Time limit:2000/1000 MS (java/others) Memory limit:65536/32768 K (java/others)
Total submission (s): 16548 Accepted Submission (s): 7436
Problem descriptionwe all know this bin-laden is a notorious terrorist, and he have disappeared for a long time. But recently, it's reported that he hides in hang Zhou of china!
"Oh, god! How terrible! ”
Don ' t is so afraid, guys. Although he hides in a cave of the Hang Zhou, the He dares not the go out. Laden is so bored recent years that he fling himself to some math problems, and he said that if anyone can solve his pro Blem, he'll give himself up!
ha-ha!
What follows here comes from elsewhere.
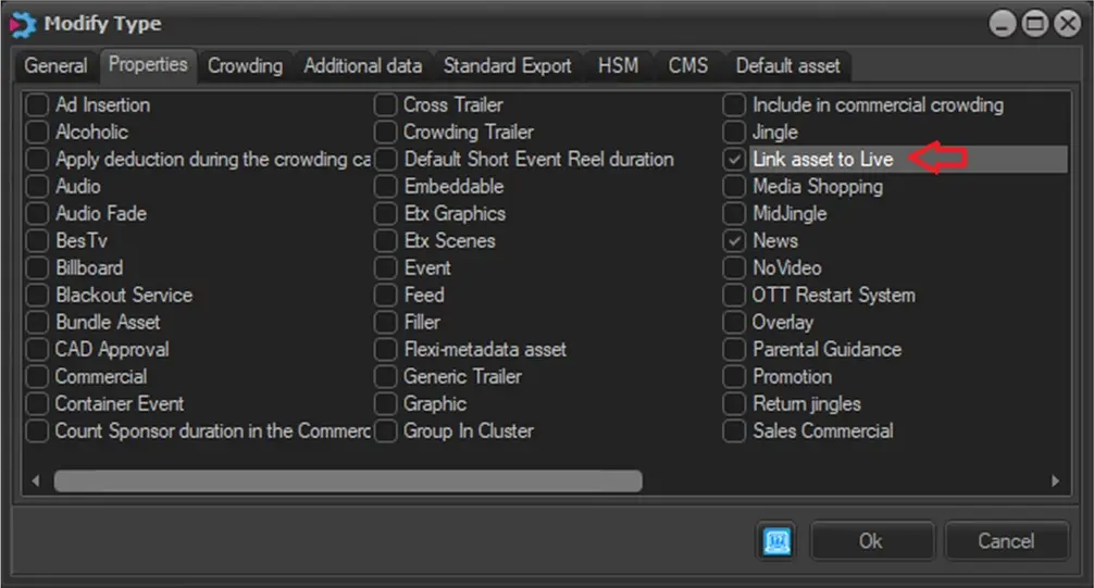 To do so, the LIVE asset's type must have the property Link asset to live enabled.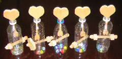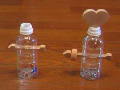 この「取れない矢」を作ったあと、ペットボトルの中に一円玉を入れることにしました。しばらくしてお金はよくないと思い、ビー玉を入れました。細工をする前にビー玉を入れ、そしてハートを通しました。これでビー玉は取れなくなります。一円玉がヒントになり、貯金箱になるようにしたものもあります。倉庫におはじきがありましたから、ビー玉と一緒にボトルに入れて重りにしました。

Obviously, Laden is too proud of he intelligence! But, what's his problem?
"Given some Chinese Coins (coins) (three kinds--1, 2, 5), and their number is num_1, num_2 and num_5 respectively, please OU Tput the minimum value that's cannot pay with given coins. "
You, super Acmer, should solve the problem easily, and don ' t forget to take $25000000 from bush!
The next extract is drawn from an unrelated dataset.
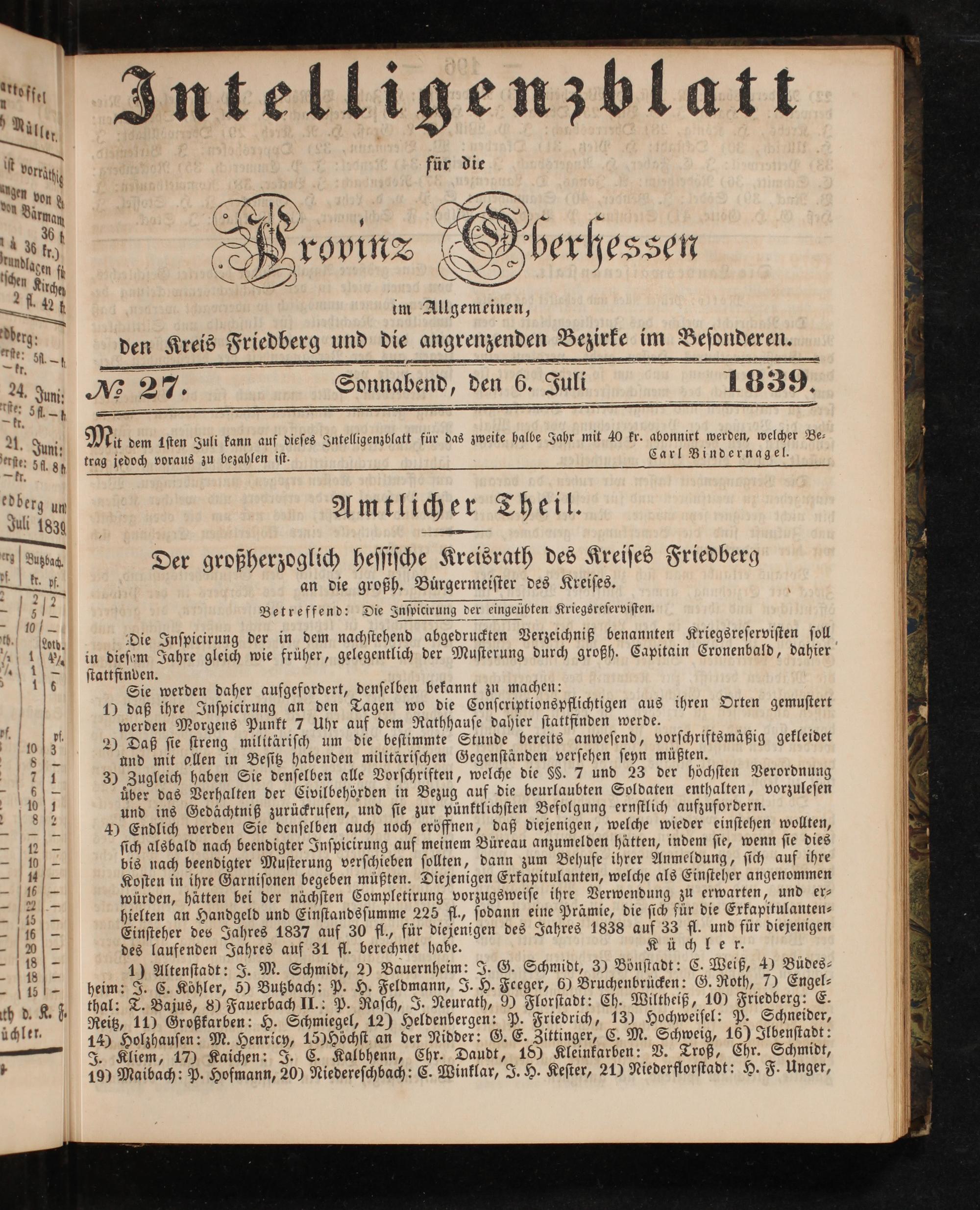 Intelligenzblatt für die Provinz Oberhessen. 1834-1834

Inputinput contains multiple test cases. Each test case contains 3 positive integers num_1, num_2 and Num_5 (0<=num_i<=1000). A test case containing 0 0 0 terminates the-input and this-test case are not-to-be processed.
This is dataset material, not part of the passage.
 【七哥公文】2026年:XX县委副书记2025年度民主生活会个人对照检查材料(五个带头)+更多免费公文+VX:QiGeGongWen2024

Outputoutput the minimum positive value that one cannot pay with given coins, one line for one case.
Sample Input
1 1 30) 0 0
Sample Output
4
Authorlcy
after learning the mother function after the first hand, so that only really understand the meaning of the algorithm will knock him out and according to the specific requirements of the topic to learn the flexibility to pass. The same is the expression of the female function, and then the triple loop, the polynomial multiplication, to determine which exponent from the 0 increase in the process, which is the coefficient of 0. This is what is asked, but there is a WA particularly strong several times, each time the initialization of two arrays, it is necessary to save the final factor result of the array of the last subscript value plus one of the elements set to 0;
#include <iostream>const int m=100000; #include <algorithm>using namespace Std;int Main () {int i,j,k,n1,n2,n5,cnt[m],dic[m]; while (CIN>>N1>>N2>>N5,N1+N2+N5) {int min=n1+2*n2+5*n5; for (int h=0; h<=min; h++) {cnt[h]=1; dic[h]=0; } cnt[min+1]=0; for (j=0; j<=n1; j + +) for (k=0; k<=2*n2; k+=2) {dic[j+k]+=cnt[j]; } for (int p=0; p<=2*n2+n1; p++) {cnt[p]=dic[p]; dic[p]=0; } for (j=0; j<=2*n2+n1; j + +) for (k=0; k<=5*n5; k+=5) {dic[j+k]+=cnt[j]; } for (int e=0; e<=min; e++) {cnt[e]=dic[e]; dic[e]=0; } for (int q=0;; q++) {if (!cnt[q]) {
cout<<q<<endl; Break ; }}} return 0;}
Hangzhou Electric HDU ACM 1085 Holding Bin-laden captive!